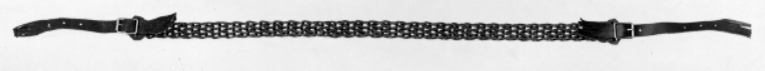 Bärrem flätad av smala lädersnoddar, i ändarna bredare och fransad med rektangulära söljor avförnicklat stål.
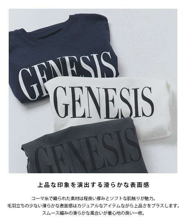インパクトのある大きめのロゴがスタイリングにアクセントをプラスします。明朝体でカジュアルになりすぎず、大人の上品さを取り入れたデザインに仕上げました。ゆるっとしたサイズ感が程よく抜け感のあるラフなスタイリングに導きます。
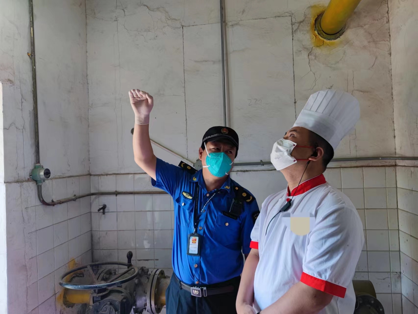 7月21日下午,记者跟随丰台街道综合行政执法队队员一起,检查了丰台北路某餐饮门店的燃气安全工作情况。在店内就餐区域,执法队员先后检查了燃气安全报警器、餐桌燃气灶台等重点点位安全情况,整体情况良好。
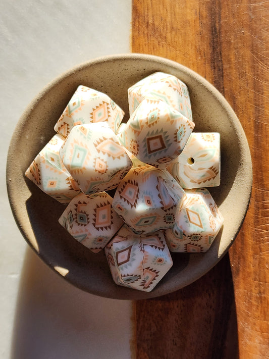 Pastel Boho Aztec Silicone Printed Beads - 15mm | Round or Hexagon

........

→ **Your objective**
Reproduce the whole listing verbatim. Pictures stay out of the copy.

→ **Exercise result**
 Bärrem flätad av smala lädersnoddar, i ändarna bredare och fransad med rektangulära söljor avförnicklat stål.
インパクトのある大きめのロゴがスタイリングにアクセントをプラスします。明朝体でカジュアルになりすぎず、大人の上品さを取り入れたデザインに仕上げました。ゆるっとしたサイズ感が程よく抜け感のあるラフなスタイリングに導きます。
 7月21日下午,记者跟随丰台街道综合行政执法队队员一起,检查了丰台北路某餐饮门店的燃气安全工作情况。在店内就餐区域,执法队员先后检查了燃气安全报警器、餐桌燃气灶台等重点点位安全情况,整体情况良好。
 Pastel Boho Aztec Silicone Printed Beads - 15mm | Round or Hexagon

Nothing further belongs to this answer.